Closing arguments for both sides sought to persuade the jury on the one hand that Cartmill’s identification was positive and accurate or on the other that he was mistaken and overzealous in his undercover activities. The lack of corroborating identification witnesses for the state, discrepancies in Cartmill’s reports and countervailing evidence by the defense were all stressed in argument on behalf of Bramlett. In closing, the prosecuting attorney made an appeal for the jury to return a guilty verdict to demonstrate its alliance with undercover operations fielded to combat drug traffic and argued as follows:
[822]*822“How in the world are we going to fight it if you don’t even believe your own representative who was sent into the field?
* * * * * *
Every undercover operation we’ve run has been a success. The prosecutor of this county, like all counties, is under a duty, a duty, a sworn duty, that if he believes in the innocence of the defendant, he has to make that known to the court and to his lawyer.”
Objection to this argument was promptly made by Bramlett’s attorney. The objection was overruled and a request for mistrial was denied.
As Bramlett correctly asserts in his brief, the vice of the prosecutor’s argument lies in an appeal to the jury not to decide the case alone upon independent evaluation of the evidence, but upon reliance that the prosecution and its witnesses are servants of the public interest and would themselves candidly disclose any basis for acquitting the accused. The tenor of the argument is not to seek a verdict based on proof of guilt of the accused but as an expression of confidence in a prosecutorial system which does not bring innocent persons to trial. This appeal to the jury is a pernicious attack upon fundamental concepts of the criminal justice system and exceeds the bounds of legitimate comment on the evidence.
No comparable ease has been cited nor has independent research disclosed any in which this line of jury argument has been attempted. The cases do hold, however, that argument by the prosecutor as to his belief of guilt, if expressed at all, must be based upon and related in his argument to the evidence brought before the jury. A prosecutor will not be permitted to argue to a jury in a way suggestive of special knowledge he has showing the defendant to be guilty. State v. Anthony, 577 S.W.2d 161 (Mo.App.1979). The prosecutor may not imply to the jury that he has knowledge which, if the jury but knew those facts, would cause them to return a verdict of guilty. State v. Montgomery, 363 Mo. 459, 251 S.W.2d 654 (1952). Failure to sustain objection to argument suggestive of facts known to the prosecution and indicative of defendant’s guilt but not presented to the jury is prejudicial error warranting reversal of a conviction. State v. Blockton, 526 S.W.2d 915 (Mo.App.1975).

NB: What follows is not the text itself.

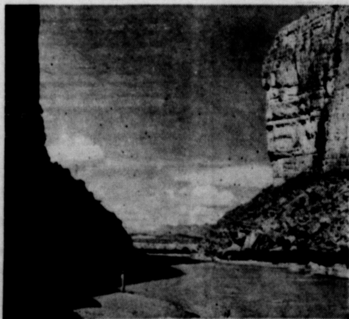
SANTA ELENA CANYON —Thousands of Texans are still "discovering" the awesome wonders of Big Bend National Park, south of Alpine, Brewster County. Here the Rio Grande cuts a 1,500-foot-deep canyon, with Mexico on right and U.S. on left.
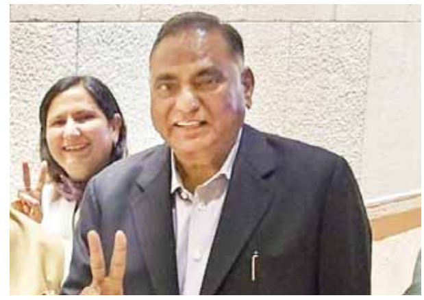
BJP MP from South Delhi Ramvir Singh Bidhuri

BJP MP from South Delhi Ramvir Singh Bidhuri on Tuesday raised the demand in the Lok Sabha to regularize 69 colonies like Sainik Farm and provide all civic amenities in them. He also said just as a decision has been taken to regularize 1,700 unauthorized colonies, in the same way these colonies should also be regularized. The matter of these colonies is stuck for a long time. Bidhuri said in the House that Prime Minister Narendra Modi's government has regularized more than 1,700 colonies of the capital. The work of giving ownership rights and providing civic amenities in these colonies is going on at a fast pace, but a decision has not been taken about 69 colonies like Sainik Farm. He said the announcement of giving ownership rights and providing civic amenities to these colonies should also be made soon. Permission should also be given to make layout plans of these colonies and to build houses in them as per building bylaws. Bidhuri said he has also raised this matter before Union Housing and Urban

In the present case, the prosecutor made no reference to any evidence supportive of the argument to which Bramlett objected. Indeed, there scarcely could have been any proof that the undercover agent was a representative of the jury summoned to decide Bramlett’s guilt nor could the jury have had information as to whether all the undercover operations had been successful. Least of all was the jury entitled to base its decision on the assumption that a failure of the prosecutor to confess Bramlett’s innocence was in some way an indicia of guilt.
The argument quoted and other statements by the prosecutor which served as a preamble were prejudicially erroneous, particularly when employed in this case where a determination of guilt or innocence rested entirely on the credibility of the single witness for the state. The trial court erred in failing to sustain the objection to the argument.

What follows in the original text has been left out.